I like Ford Tractors, I've currently got a 7710. It's the second 7710 I've owned and it's a good reliable tractor. I've run TW's, never owned one, but know a lot of people who have. As previously pointed out the 401 ci engine is a good engine, but unless you find a late model TW15, you are looking at a 25-30 year old tractor. Everything depends on how it was used and how well it was maintained. The same goes for any old tractor no matter what brand it is. With Fords, you can usually always find parts. Alexander's Tractor Parts and many others have rebuilt parts and NH dealers still have a lot of inventory. As long as you stick with the major brands you should be able to find parts. Just make sure whatever you get, that you get a service manual for it. The problem is usually finding someone to work on it if you can't do it yourself.


----------



## CockrellHillFarms

I actually tried to rent a new NH or JD to see which one I liked better. Funny thing is, no one around here would rent one. Too many people buying new tractors to make a long story short. NH is currently working on a deal with me similar to how they rent tractors out to the state. But I havent gotten that deal done yet. So depending on your area, they may or may not be inclined to so something like that.


----------



## JD3430

CockrellHillFarms said:


> Looks like that tractor has pretty good shoes on it as well. Vol is right.....that would be the first thing that I would ask about. The A/C. But it doesnt mention much in the ad at all so it might not even be of worry. I have one other thought to throw up there that hasnt been mentioned. I think knowing what you REALLY want comes with experience. You can think you know what you want but I think you really know what you want when you have experience with enough equipment that its an easy choice. (Does that make sense?) So your next purchase may seem like the RIGHT tractor at the time (and hopefully it is) but you may not think that after some time. But that's part of experience and luck! I think a guy just decides what they want (in their budget) and go after it. Dont worry about everything, you wont find something perfect that is used.
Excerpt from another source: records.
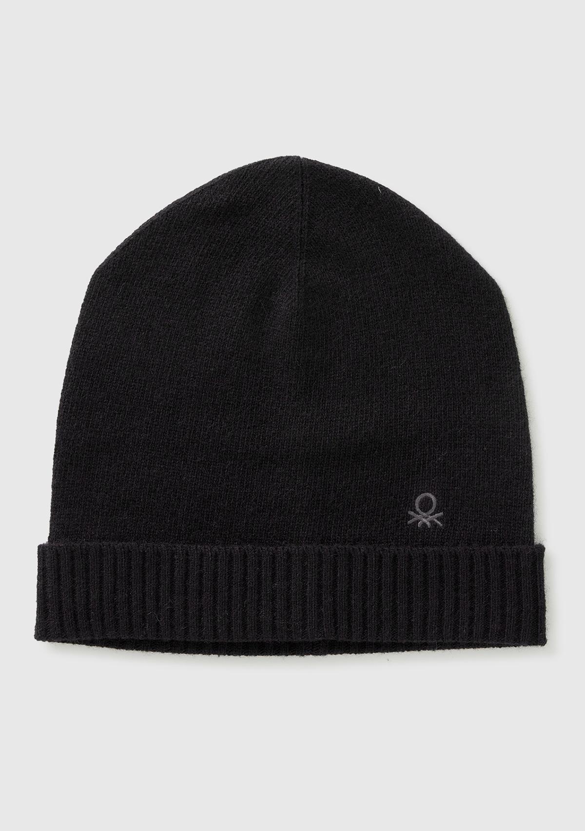Kadın Sİyah Yün ve Kaşmir Karışımlı Önü Logo Detaylı Ribana Detaylı Bere
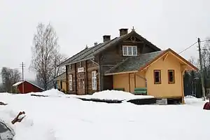 Snarum Station (originally Lofthus Station) is a railway station on the Krøder Line in Buskerud, Norway. It was opened on 28 November 1872 and located in the village Snarum. The station building was designed by Georg Andreas Bull in Swiss chalet style. On 26 November 1872, farmer Jørgen Rytterager was appointed the first station master of the station. The station was one of the stations on the Krøder Line with the most passenger and freight traffic. Passenger service was ceased on 19 January 1958, and freight traffic on 1 March 1985.
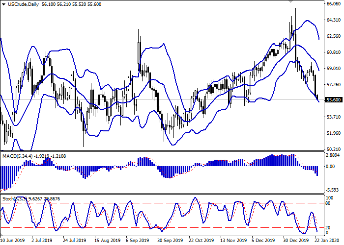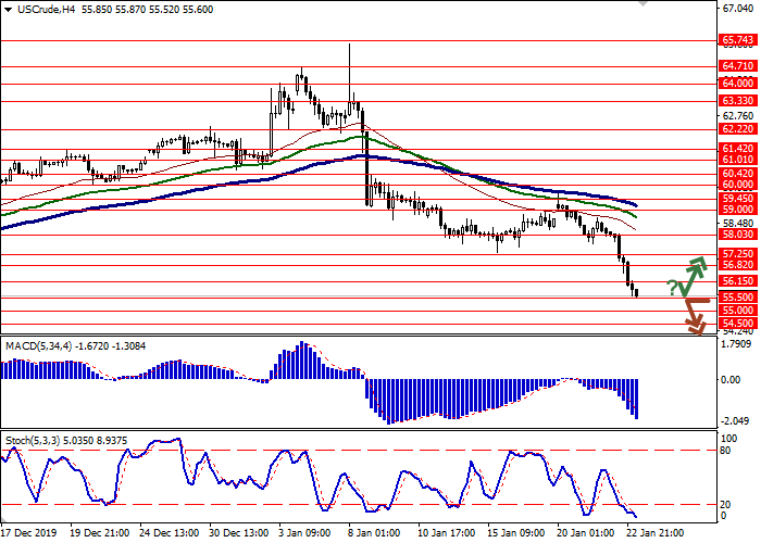 目前,该货币对已经下跌了约0.60%,测试了55.60,并试图跌破该水平。周三,油价创下1月8日以来的最大跌幅,原因是国际能源署(IEA)更新了预测。在正在举行的达沃斯经济论坛上,国际能源署署长法提赫•比罗尔(Fatih Birol)表示,他预计2020年上半年“黑金”过剩。API报告对油价施加了额外的压力。1月17日当周,原油库存增加160万桶,而此前一周增加了110万桶。
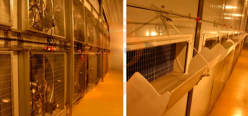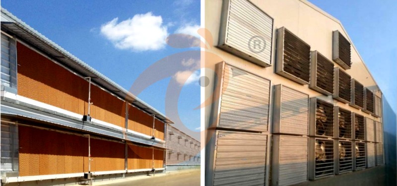 La température intérieure peut être maintenue entre 13 et 26 °C grâce à l'association de ventilateurs et de rideaux humides. Les ventilateurs situés à une extrémité du poulailler aspirent l'air chaud. Sous pression, la vapeur d'eau rafraîchissante provenant des rideaux humides situés à l'autre extrémité pénètre dans le poulailler.
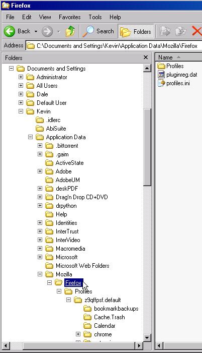 My Windows Firefox installation contained all my personal bookmarks and other configuration settings, so I reconfigured that Firefox first. In Windows, find the Application Data directory for your user name beneath the Documents and Settings directory. You should see a directory named Firefox that has a subdirectory named Profiles. The Profiles directory will have at least one subfolder. Here's how it looks on my system:
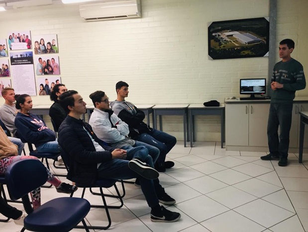 A recepção dos alunos e do professor Nelson Zinke, bem como, apresentação da empresa, sua história, modelo de gestão, programas e politicas foi realizado pela gestora Liria Sebem Nunes. E a visitação foi acompanhada pelos colaboradores Carlos Gerker, da fiação, Adriano Schroth, da tinturaria e Josiane Machado, da área de segurança do trabalho.
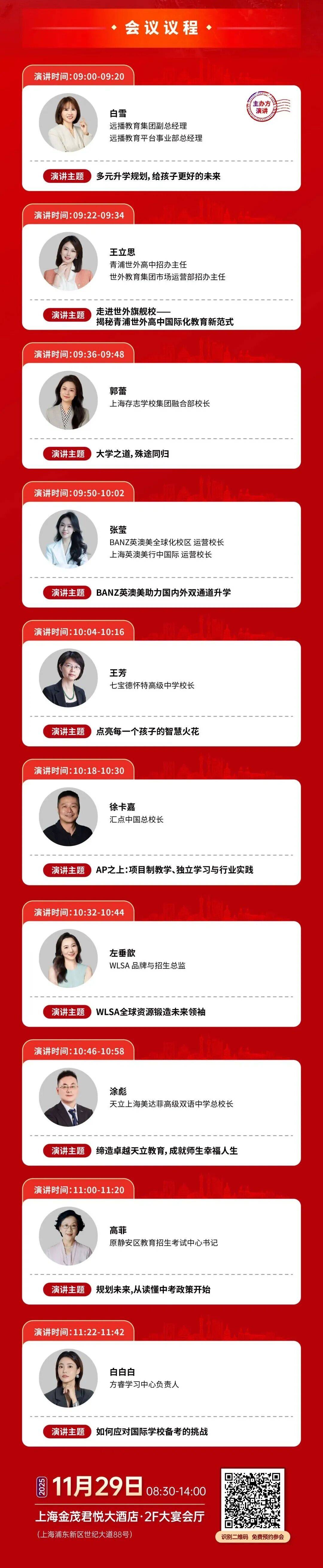 咨询会邀请10位国际学校校长、招生官、教育大咖,从英美澳加到日本、中国香港,从体制内中考解析到体制外留学路径规划,与家长现场对话,直击国际教育难题,为您的教育选择提供精准导航!

Just make sure it has the MAIN things your looking for and go after it. That's what I do at least.


Yeah, sage advice there.....
I really want a Magnum or older IH, but very expensive. The reason is the dual PTO, the engines that came with them (DT or Cummins) and the fact that they're so popular with hay farmers around here. It seems like every hay farmer has at least one IH or Case/IH. That tells me they must be good hay tractors.


----------